--- START ---

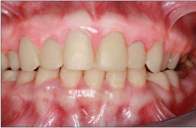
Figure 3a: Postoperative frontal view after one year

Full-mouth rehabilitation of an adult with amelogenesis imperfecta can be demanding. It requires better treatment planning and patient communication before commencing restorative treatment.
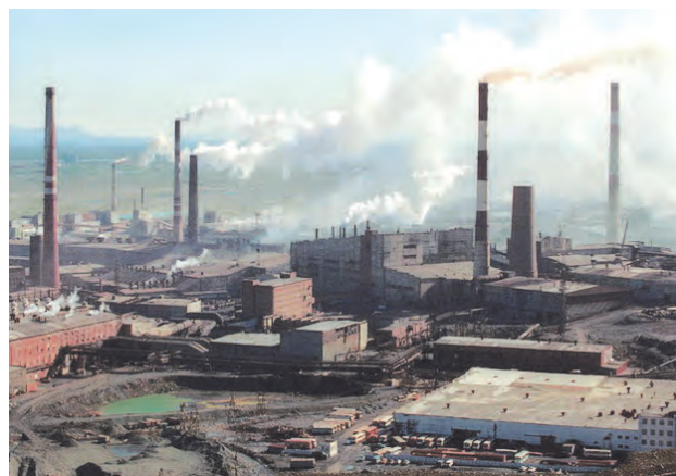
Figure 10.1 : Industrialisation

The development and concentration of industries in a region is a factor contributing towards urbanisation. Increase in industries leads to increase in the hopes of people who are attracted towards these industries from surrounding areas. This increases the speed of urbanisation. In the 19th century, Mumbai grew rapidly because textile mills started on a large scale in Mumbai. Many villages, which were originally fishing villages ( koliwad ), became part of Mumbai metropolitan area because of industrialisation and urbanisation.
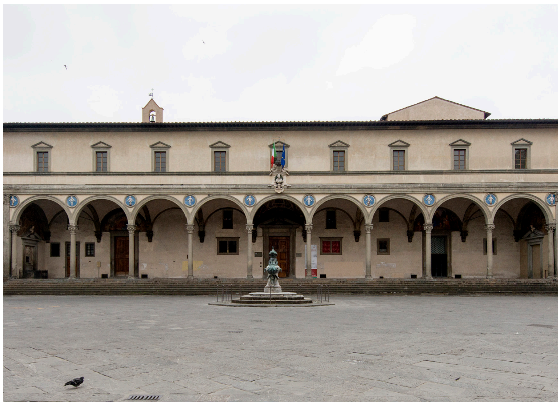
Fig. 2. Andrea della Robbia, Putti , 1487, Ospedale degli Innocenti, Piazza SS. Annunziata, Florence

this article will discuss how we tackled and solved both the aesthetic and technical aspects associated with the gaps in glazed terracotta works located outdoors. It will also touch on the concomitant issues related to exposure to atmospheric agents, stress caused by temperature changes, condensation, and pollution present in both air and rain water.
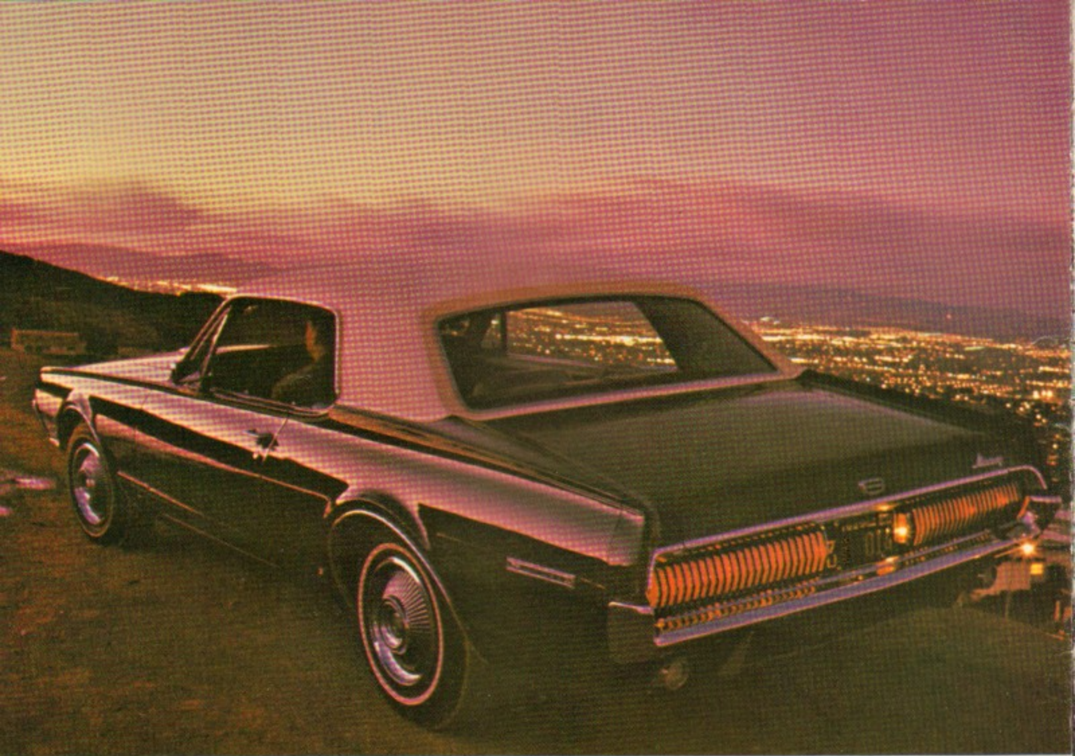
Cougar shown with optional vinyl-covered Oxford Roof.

--- END ---

Your assignment: Every line from the one with "Fig. 2. Andrea" through the last line of the listing above must be written out exactly, and no picture may appear.

Answer space:
Fig. 2. Andrea della Robbia, Putti , 1487, Ospedale degli Innocenti, Piazza SS. Annunziata, Florence

this article will discuss how we tackled and solved both the aesthetic and technical aspects associated with the gaps in glazed terracotta works located outdoors. It will also touch on the concomitant issues related to exposure to atmospheric agents, stress caused by temperature changes, condensation, and pollution present in both air and rain water.
Cougar shown with optional vinyl-covered Oxford Roof.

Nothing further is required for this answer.